Scilab Function

rpem - RPEM estimation

### Calling Sequence

[w1,[v]]=rpem(w0,u0,y0,[lambda,[k,[c]]])

### Parameters

• a,b,c : a=[a(1),...,a(n)], b=[b(1),...,b(n)], c=[c(1),...,c(n)]
• w0 : list(theta,p,phi,psi,l) where:
• theta : [a,b,c] is a real vector of order 3*n
• p : (3*n x 3*n) real matrix.
• phi,psi,l : real vector of dimension 3*n

During the first call on can take:

```theta=phi=psi=l=0*ones(1,3*n). p=eye(3*n,3*n)
```
• u0 : real vector of inputs (arbitrary size) (if no input take u0=[ ]).
• y0 : vector of outputs (same dimension as u0 if u0 is not empty). (y0(1) is not used by rpem).
• If the time domain is (t0,t0+k-1) the u0 vector contains the inputs

u(t0),u(t0+1),..,u(t0+k-1) and y0 the outputs

y(t0),y(t0+1),..,y(t0+k-1)

### Description

Recursive estimation of parameters in an ARMAX model. Uses Ljung-Soderstrom recursive prediction error method. Model considered is the following:

```y(t)+a(1)*y(t-1)+...+a(n)*y(t-n)=
b(1)*u(t-1)+...+b(n)*u(t-n)+e(t)+c(1)*e(t-1)+...+c(n)*e(t-n)
```

The effect of this command is to update the estimation of unknown parameter theta=[a,b,c] with

a=[a(1),...,a(n)], b=[b(1),...,b(n)], c=[c(1),...,c(n)].

### Optional parameters

• lambda : optional parameter (forgetting constant) choosed close to 1 as convergence occur:
• lambda=[lambda0,alfa,beta] evolves according to :

```lambda(t)=alfa*lambda(t-1)+beta
```

with lambda(0)=lambda0

k : contraction factor to be chosen close to 1 as convergence occurs.

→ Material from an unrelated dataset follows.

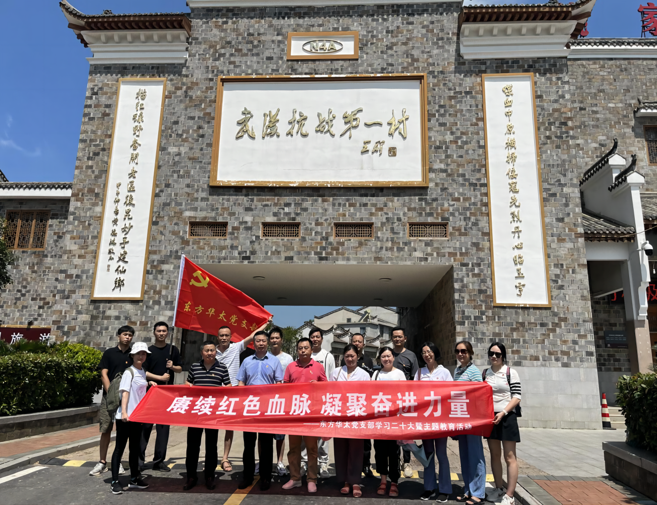 2023年8月5日,黨支部結(jié)合企業(yè)特點(diǎn)和支部工作安排,認(rèn)真落實(shí)黨支部主題黨日“5+N”模式,創(chuàng)新黨史學(xué)習(xí)教育載體,組織全體黨員、入黨積極分子代表等前往武漢抗戰(zhàn)第一村---姚家山新四軍第五師機(jī)關(guān)舊址紅色教育基地,開(kāi)展“賡續(xù)紅色血脈 凝聚奮進(jìn)力量”學(xué)習(xí)二十大暨主題“沉浸式”紅色教育活動(dòng)。“行走黨課”作為理論研習(xí)的重要載體,通過(guò)大家喜聞樂(lè)見(jiàn)的方式推進(jìn)偉大建黨精神內(nèi)化于心、外化于行,共同締造出了“可見(jiàn)”、“可讀”、“可聽(tīng)”的行走路線。感受革命奮斗歷程,傳承紅色基因,營(yíng)造見(jiàn)賢思齊、比學(xué)趕超的濃厚氛圍。

k=[k0,mu,nu] evolves according to:

```k(t)=mu*k(t-1)+nu
```

with k(0)=k0.

c : large parameter.(c=1000 is the default value).

### Output parameters:

w1: update for w0.

v: sum of squared prediction errors on u0, y0.(optional).

In particular w1(1) is the new estimate of theta. If a new sample u1, y1 is available the update is obtained by:

[w2,[v]]=rpem(w1,u1,y1,[lambda,[k,[c]]]). Arbitrary large series can thus be treated.